Plant water relations

Soil conditions and precipitation limit the amount of water plants use from the soil which subsequently limits the carbon dioxide that plants take in for photosynthesis. I study how much water plants use and ask questions about why they use a particular amount of water at that point in time.

In a boreal forest near where trees stop growing in the Russian Arctic, I found that the only tree species, larch, can quickly show signs of water stress under slight increases in atmospheric dryness. Most water held in the soil is not available for larch to use due to cold soils from underlying permafrost. High density larch forests that regenerate after severe wildfire use more water than low density forests that regenerate from less severe fires. However, water use in the high density forests responds negatively to increases in air temperature and relies on wetter conditions for longer periods in the past. My research shows that increasing fire severity concurrent with increasing air temperature under climate change may ultimately mean lower plant water use and carbon dioxide intake in these larch forests.

In the Sonoran Desert, I found that a common shrub, creosotebush, used less water in the presence of neighboring plants. Competition dominated the influence of neighbors on creosotebush plant water use, even with trees that are thought to be facilitative to other plants. Creosotebush had altered active root distributions and the stomatal controls on transpiration that depended on the functional type of the neighboring species.

Plant-climate interactions

Plants can alter the environment around them (microclimate), and these changes may affect plant water use as well as overall meteorological conditions in an ecosystem. I quantify patterns between plant characteristics and the key meteorological variables to understand the plant-climate interactions.
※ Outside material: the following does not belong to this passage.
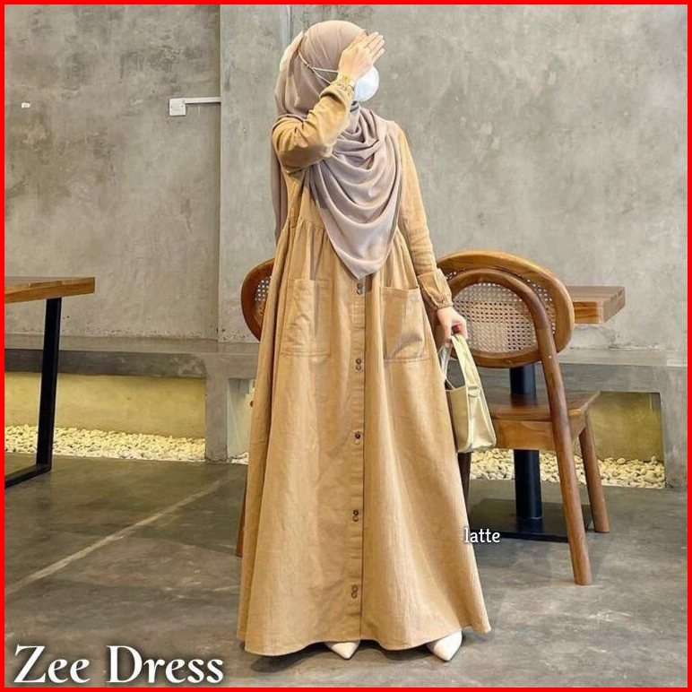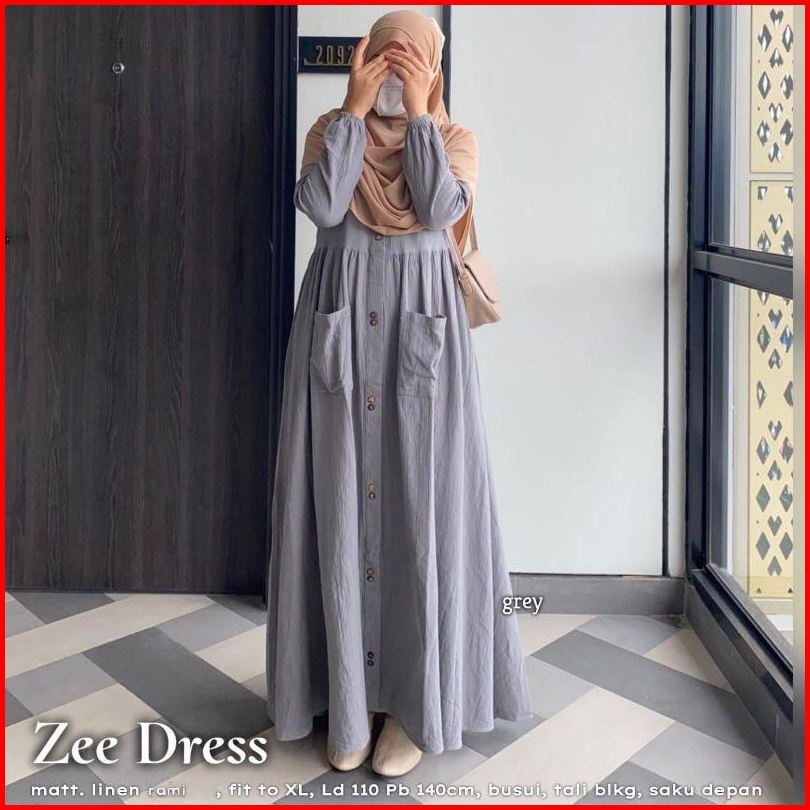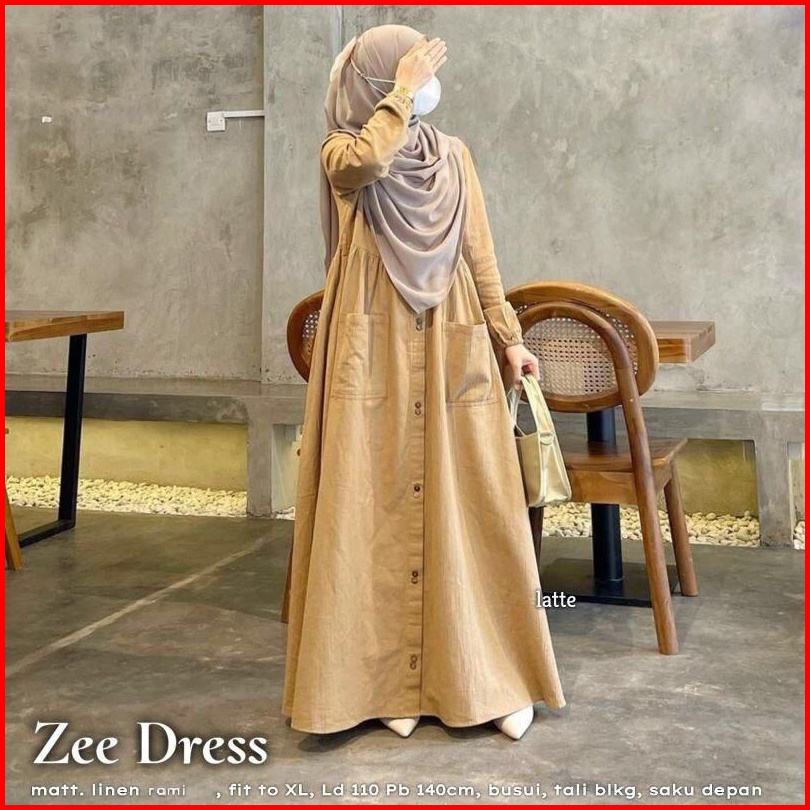 Vallina Outfit - Zee Maxy Gamis Linen Rami Modern Dress Muslim Wanita Remaja Premium M Fit Xl

Plants can influence soil temperature through multiple mechanisms such as canopy shading, changing the distribution of snow across the ecosystem, and the movement of heat throughout the soil via influences on soil moisture. I synthesized data from 235 sites across the Arctic and sub-Arctic to better quantify the impacts of vegetation on soil temperature. I found that canopy stature had the greatest impact on soil temperature, and the insulating effect of vegetation canopies has the greatest influence on average soil temperature conditions. My findings also indicate that vegetation change occurring in tundra regions (tree-line and tall-shrub) may amplify soil warming under global climate change. Soil temperature is a key influence on permafrost stability and carbon cycling in the Arctic.

High latitude snow cover is an important driver in global climate as a result of the decreased absorption of shortwave radiation at the ground surface. Trees influence spring snowmelt timing through the enhancement of longwave radiation at the snow surface as a result of dark trunks and stems. I paired remotely sensed snow water equivalent and vegetation data, I found that canopy cover plays a significant role in melt timing in boreal forests. The northerly advance of treelines under global climate change may exacerbate air temperature increases due to altered snow melt dynamics.

Quantitative ecology

My research relies on a range of data types from measurements on individual leaves to global remotely sensed observations of climate and vegetation. Working with variable and often large spatial and temporal datasets motivated me to think about data beyond a means to building scientific theory. I am interested in data management, analysis, and life cycles with an emphasis on accessibility and reproducibility in science. As I adapt emerging technologies to my research, such as with drones, I am interested in creating workflows and protocols that emphasize tractability and transparency in data collection.

 I apply a quantitative approach to answering questions that uses statistical models to represent ecosystem phenomena, typically in a Bayesian framework. These models can unite diverse datasets to quantify latent ecosystem processes and uncertainty associated with measurements and natural variability. I also adapt computing tools and high performance computing techniques to my large data analyses.

Drones in ecology

Transpiration, plant characteristics, and soil conditions vary throughout space in ecosystems and may have very different values over meter scales. Understanding this variability can help elucidate plant-soil interactions, and it can also make a difference when we try to estimate how much plants transpire or rain infiltrates into the soil. Drones are providing tools for rapidly quantifying spatial variability in vegetation. Iā€™m working with sensors such as thermal cameras to better understand spatial variability in plant water use. Since these tools are rapidly emerging, much of my research has focused on developing workflows and evaluating sources of error.